Assignment: Pictures in the material below are to be left out, and only the lines from the line with "这是这个电子商务网站的购物车" up to and including the line with "Diamant 0.11ct E/VS1 s IGI certifikátem" are to be written out exactly.
Start of Task input
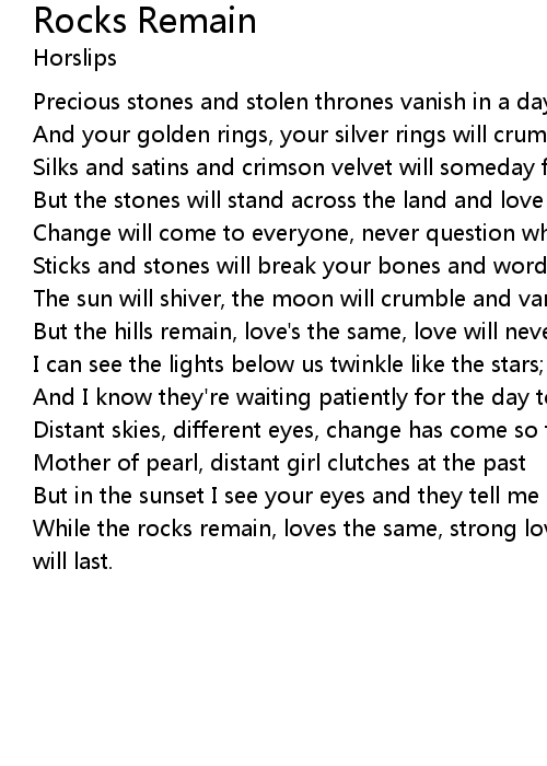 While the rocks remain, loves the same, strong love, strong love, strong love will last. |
End of Task input
Start of Task input
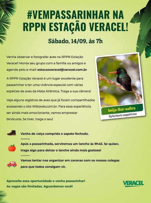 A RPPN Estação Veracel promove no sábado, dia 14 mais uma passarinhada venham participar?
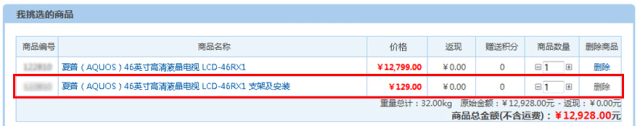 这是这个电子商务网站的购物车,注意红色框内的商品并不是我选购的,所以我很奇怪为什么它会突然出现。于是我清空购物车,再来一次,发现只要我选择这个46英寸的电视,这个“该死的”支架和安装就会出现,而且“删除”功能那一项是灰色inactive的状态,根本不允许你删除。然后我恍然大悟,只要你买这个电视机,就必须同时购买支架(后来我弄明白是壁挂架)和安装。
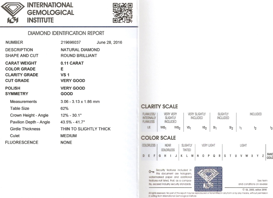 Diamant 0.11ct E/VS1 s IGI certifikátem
End of Task input
Your response:
 这是这个电子商务网站的购物车,注意红色框内的商品并不是我选购的,所以我很奇怪为什么它会突然出现。于是我清空购物车,再来一次,发现只要我选择这个46英寸的电视,这个“该死的”支架和安装就会出现,而且“删除”功能那一项是灰色inactive的状态,根本不允许你删除。然后我恍然大悟,只要你买这个电视机,就必须同时购买支架(后来我弄明白是壁挂架)和安装。
 Diamant 0.11ct E/VS1 s IGI certifikátem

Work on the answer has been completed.